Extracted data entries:

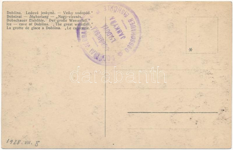 1928 Dobsina, Dobschau; Dobsinai jégbarlang, belső, Nagy vízesés / Eis... https://www.darabanth.com/hu/442-Gyorsarveres/442.0/Kepeslapok/Felvidek~2000008/1928-Dobsina-Dobschau-Dobsinai-jegbarlang-belso-Nagy-vizeses-Eishohle-Dobsina-ice-cave-~II2910045
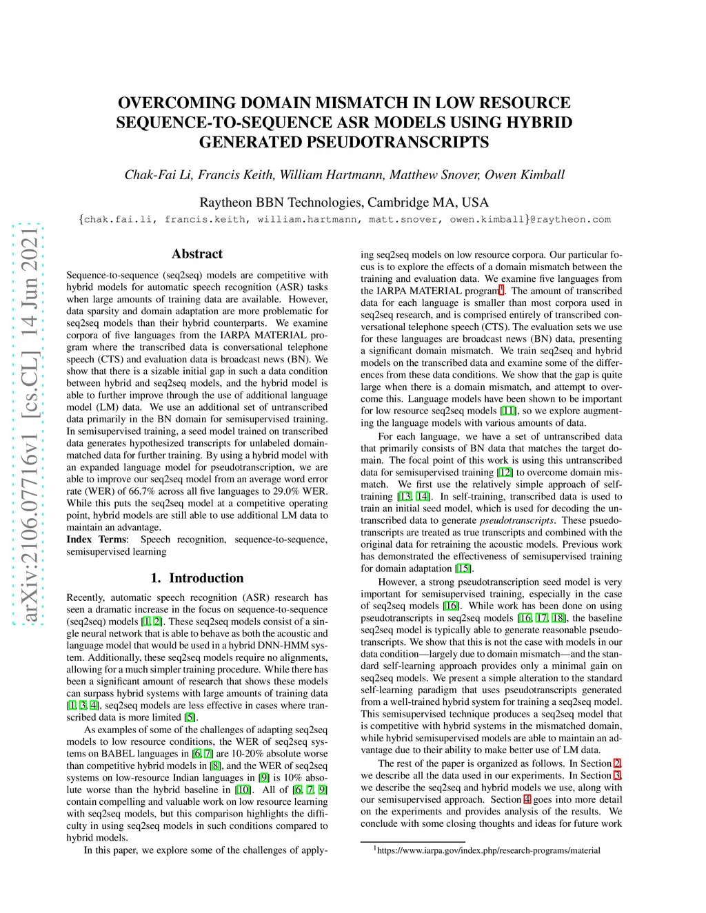Sequence-to-sequence (seq2seq) models are competitive with hybrid models for automatic speech recognition (ASR) tasks when large amounts of training data are available. However, data sparsity and domain adaptation are more problematic for seq2seq models than their hybrid counterparts. We examine corpora of five languages from the IARPA MATERIAL program where the transcribed data is conversational telephone speech (CTS) and evaluation data is broadcast news (BN). We show that there is a sizable initial gap in such a data condition between hybrid and seq2seq models, and the hybrid model is able to further improve through the use of additional language model (LM) data. We use an additional set of untranscribed data primarily in the BN domain for semisupervised training. In semisupervised training, a seed model trained on transcribed data generates hypothesized transcripts for unlabeled domain-matched data for further training. By using a hybrid model with an expanded language model for pseudotranscription, we are able to improve our seq2seq model from an average word error rate (WER) of 66.7% across all five languages to 29.0% WER. While this puts the seq2seq model at a competitive operating point, hybrid models are still able to use additional LM data to maintain an advantage.
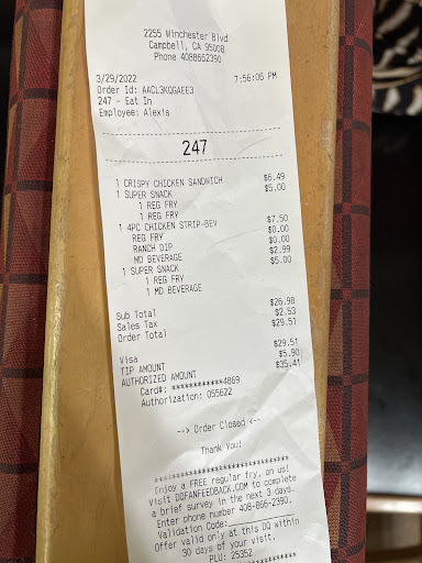 Read moreTerrifying experience recently. I placed an order online for a blizzard and was sitting in my car by the pick up window waiting for it. The guys making the food in the back were touching it all bare handed!! Handling the fries bare hands. Sweeping the floor. Handling a hot dog bun then opening some boxes then back to handling the fries! One of the guys had one glove on but he never changed it between touching all the other stuff and his phone and all the food. I will NEVER eat here and I told all my family never to eat there. Fortunately the people up front making the blizzards were changing their gloves regularly. And also they never touch the ice cream. But I digress. In review, never eat there....
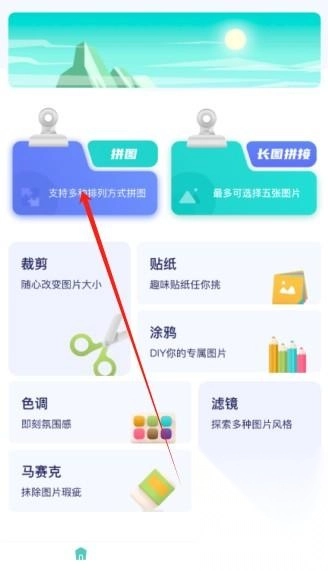 进入首页后选择拼图模式,你可以根据个人需求选择普通拼图或长图拼接,小编采用的是排列拼图。
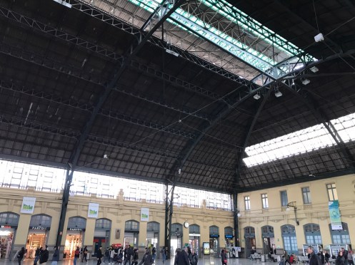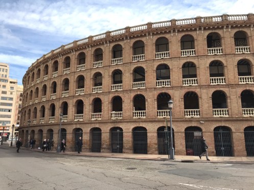ValenciaSur un rond-point à côté de l’hôtel. Les arènes de Valencia. La Gare du Nord. Une petite merveille d’art nouveau. Nous allons nous renseigner sur les horaires des trains pour l’Alcudia de Crespins. Après avoir lu le récit d’un pèlerin qui conseillait de sauter les trois premières étapes car elles sont sur des routes encombrées … et sans intérêt, j’ai décidé de suivre son conseil.
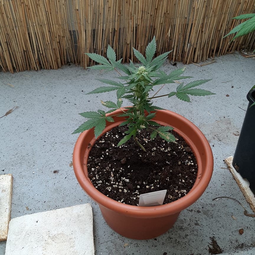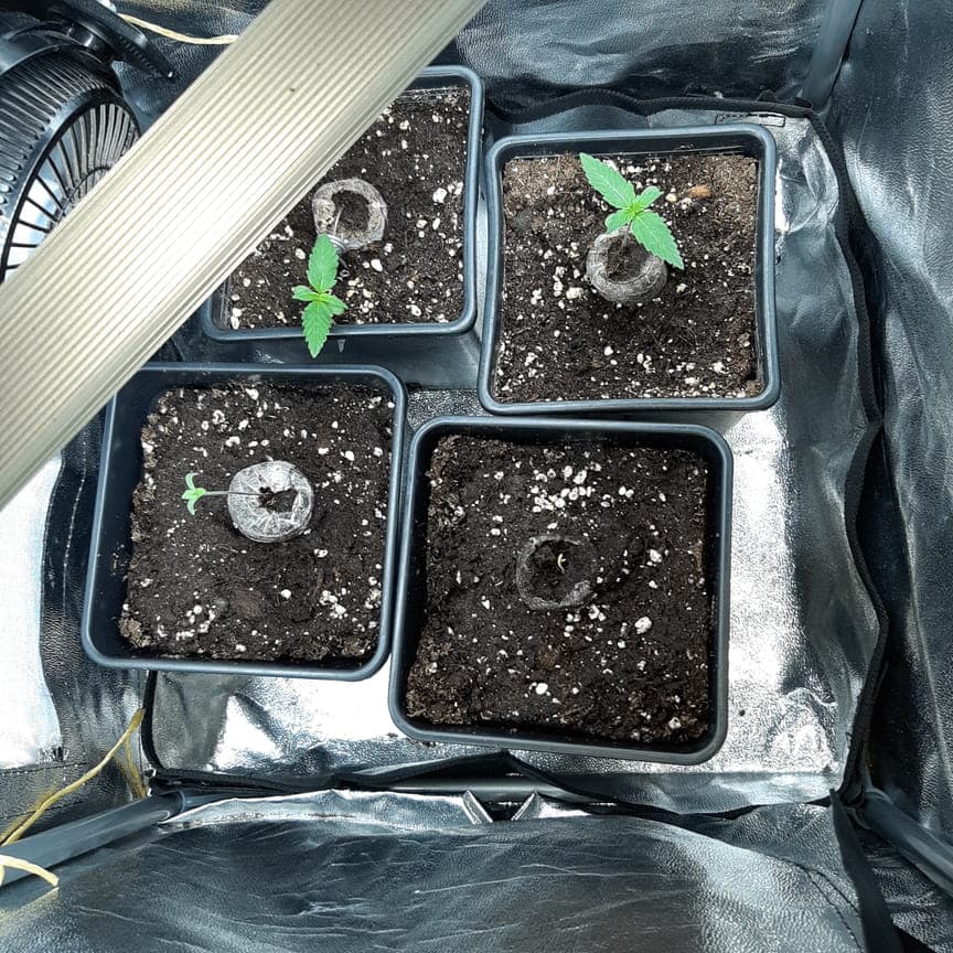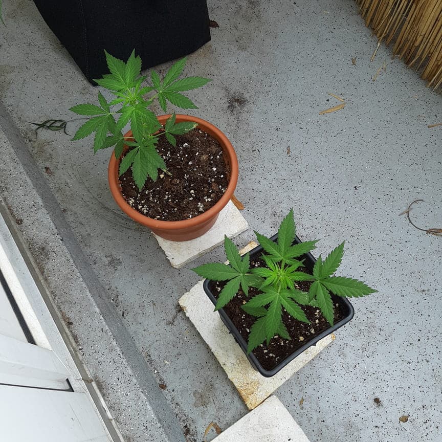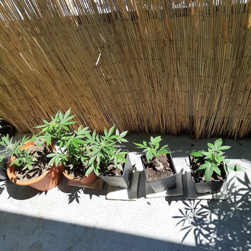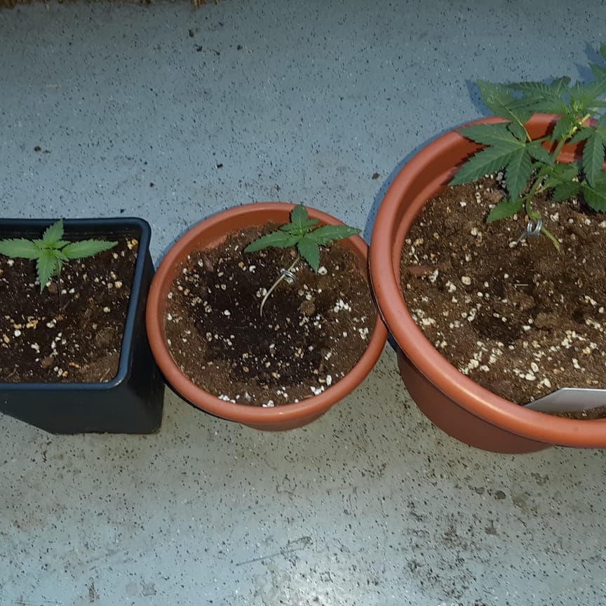 Ansonsten was noch zusehen ist sind die drei stecklingen die auch eine gute Größe erreicht haben und langsam in die vorblüte kommen und noch die kleinen in 3,5l Töpfen für die strain Vielfalt dabei ist cream caramel Auto red poison Auto sticky Beast autound white monster auto und noch eine masterkush auto8)

What to work on:
Pictures stay out. Print the lines of the records above exactly, from the first through the one with "Sequence-to-sequence (seq2seq) models".

Result of the exercise:
 1928 Dobsina, Dobschau; Dobsinai jégbarlang, belső, Nagy vízesés / Eis... https://www.darabanth.com/hu/442-Gyorsarveres/442.0/Kepeslapok/Felvidek~2000008/1928-Dobsina-Dobschau-Dobsinai-jegbarlang-belso-Nagy-vizeses-Eishohle-Dobsina-ice-cave-~II2910045
Sequence-to-sequence (seq2seq) models are competitive with hybrid models for automatic speech recognition (ASR) tasks when large amounts of training data are available. However, data sparsity and domain adaptation are more problematic for seq2seq models than their hybrid counterparts. We examine corpora of five languages from the IARPA MATERIAL program where the transcribed data is conversational telephone speech (CTS) and evaluation data is broadcast news (BN). We show that there is a sizable initial gap in such a data condition between hybrid and seq2seq models, and the hybrid model is able to further improve through the use of additional language model (LM) data. We use an additional set of untranscribed data primarily in the BN domain for semisupervised training. In semisupervised training, a seed model trained on transcribed data generates hypothesized transcripts for unlabeled domain-matched data for further training. By using a hybrid model with an expanded language model for pseudotranscription, we are able to improve our seq2seq model from an average word error rate (WER) of 66.7% across all five languages to 29.0% WER. While this puts the seq2seq model at a competitive operating point, hybrid models are still able to use additional LM data to maintain an advantage.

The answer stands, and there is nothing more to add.